Один год, стр. 113

Вошла Клавдия. Лицо у него было каменное. Она поглядела на него, на телеграммы и вспыхнула. Никогда он не видел таких глаз, такого чистого и в то же время смущенного взгляда.

– Это что? – спросил он и постучал пальцем по столу.

– Ничего, – сказала она.

– Это что такое? – опять громче спросил он.

– Дурной, – сказала она и, глядя ему в глаза, добавила: – Это я сама писала.

– Как сама?

– А сама, – сказала она, – не понимаешь? Сама. Чтоб они все не думали, будто ты меня бросил. Я ж знаю, что ты не бросил, – быстро сказала она, – я-то знаю, а они не знают. И еще я знаю, что ты, кабы догадался, такие телеграммы обязательно бы посылал. Или нет?

Румянец проступил на его щеках.

– Да или нет?

– Я не знаю, – сказал он.

– А я знаю, – ответила она, – я все знаю. И когда я, бывало, помню, все про тебя думала, так читала эти телеграммы…

Он молчал, опустив глаза.

– Пойдем, – сказала она и взяла его за руку. – Идем, там картошка поспела.

И они пошли в столовую, где вроде ничего не изменилось, но в общем изменилось все. Как будто бы так же, как тогда, зимой, лилась густая музыка из приемника, но почему-то все было немножко иначе.

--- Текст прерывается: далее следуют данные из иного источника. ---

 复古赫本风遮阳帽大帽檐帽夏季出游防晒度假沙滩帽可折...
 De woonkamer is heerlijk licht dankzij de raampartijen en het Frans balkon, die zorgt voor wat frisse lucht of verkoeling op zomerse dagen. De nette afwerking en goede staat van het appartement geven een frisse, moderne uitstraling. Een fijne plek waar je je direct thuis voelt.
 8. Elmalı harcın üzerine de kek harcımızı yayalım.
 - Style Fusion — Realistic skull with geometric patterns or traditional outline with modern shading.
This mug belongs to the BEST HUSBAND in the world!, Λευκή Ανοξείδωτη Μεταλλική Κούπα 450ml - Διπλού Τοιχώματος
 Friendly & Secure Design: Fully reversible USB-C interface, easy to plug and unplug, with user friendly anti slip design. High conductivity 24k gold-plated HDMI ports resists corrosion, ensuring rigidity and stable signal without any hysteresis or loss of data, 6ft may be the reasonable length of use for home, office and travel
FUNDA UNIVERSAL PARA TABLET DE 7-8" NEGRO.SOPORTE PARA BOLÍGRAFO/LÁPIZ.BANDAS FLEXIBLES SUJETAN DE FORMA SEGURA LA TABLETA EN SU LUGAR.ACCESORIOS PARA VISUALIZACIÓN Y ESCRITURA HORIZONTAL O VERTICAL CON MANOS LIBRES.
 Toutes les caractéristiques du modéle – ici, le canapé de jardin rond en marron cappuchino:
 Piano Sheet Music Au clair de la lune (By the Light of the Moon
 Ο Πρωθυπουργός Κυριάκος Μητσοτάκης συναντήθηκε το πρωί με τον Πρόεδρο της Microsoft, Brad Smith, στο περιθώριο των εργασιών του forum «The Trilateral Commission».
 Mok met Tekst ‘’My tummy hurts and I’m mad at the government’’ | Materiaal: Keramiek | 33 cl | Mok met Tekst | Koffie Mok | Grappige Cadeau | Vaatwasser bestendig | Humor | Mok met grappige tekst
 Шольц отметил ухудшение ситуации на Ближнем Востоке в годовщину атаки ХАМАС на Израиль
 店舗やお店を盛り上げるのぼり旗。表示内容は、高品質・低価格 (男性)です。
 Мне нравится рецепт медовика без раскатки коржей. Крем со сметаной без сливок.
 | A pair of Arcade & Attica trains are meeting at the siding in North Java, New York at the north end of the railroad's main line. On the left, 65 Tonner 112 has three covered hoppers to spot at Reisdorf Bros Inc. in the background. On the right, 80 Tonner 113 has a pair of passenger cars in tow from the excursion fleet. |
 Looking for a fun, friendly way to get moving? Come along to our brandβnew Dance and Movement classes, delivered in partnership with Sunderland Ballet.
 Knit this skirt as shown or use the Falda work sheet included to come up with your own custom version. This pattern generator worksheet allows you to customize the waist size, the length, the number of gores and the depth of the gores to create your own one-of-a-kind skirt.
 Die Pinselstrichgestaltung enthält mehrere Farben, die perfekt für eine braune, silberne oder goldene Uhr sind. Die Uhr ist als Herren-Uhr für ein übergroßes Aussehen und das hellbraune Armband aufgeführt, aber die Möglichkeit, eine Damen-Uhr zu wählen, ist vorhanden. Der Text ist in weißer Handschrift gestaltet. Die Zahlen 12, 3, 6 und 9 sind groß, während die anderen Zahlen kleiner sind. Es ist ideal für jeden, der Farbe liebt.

Жмакин посмотрел на приемник внимательно – нет, это был тот же приемник и стоял на том же месте. Женька, совершенно как в ту пору, размешивал какую-то дрянь в пробирке – занимался опытами по руководству «Начинающий химик», но и опыты выглядели иначе. На том же самом стуле с газетой в руке сидел Корчмаренко, но выглядело это не так, как раньше.

«Ах, вот оно что! – внезапно догадался Жмакин. – Я не боюсь больше! Я теперь ничего не боюсь, вот в чем все дело!»

Еще раз Балага

К ужину подавали рассыпчатый отварной картофель в чугунке, сельдь, залитую прозрачным подсолнечным маслом и засыпанную луком, и для желающих водку в тяжелом старинном графине. Старик Корчмаренко со значительным видом налил сначала себе, потом Жмакину, потом вопросительно взглянул на Федю Гофмана. Не отрываясь от газеты, Федя Гофман накрыл свою рюмку ладонью.

– Читатель, – сказал Корчмаренко.

Женька влюбленными глазами разглядывал Жмакина. Окна были открыты настежь, – в комнату с воли вливался сырой вечерний воздух. Протяжно и печально замычала в переулке корова. Гукнул паровоз. Старуха с хлопотливой миной на лице подкладывала Жмакину побольше картошки. Все молчали. Федя Гофман стеснял и Клавдию и Жмакина, может быть безотчетно он стеснял и других. На лице у него было написано недоброжелательство, а встретившись нечаянно глазами со Жмакиным, он покраснел пятнами и на висках у него выступил пот.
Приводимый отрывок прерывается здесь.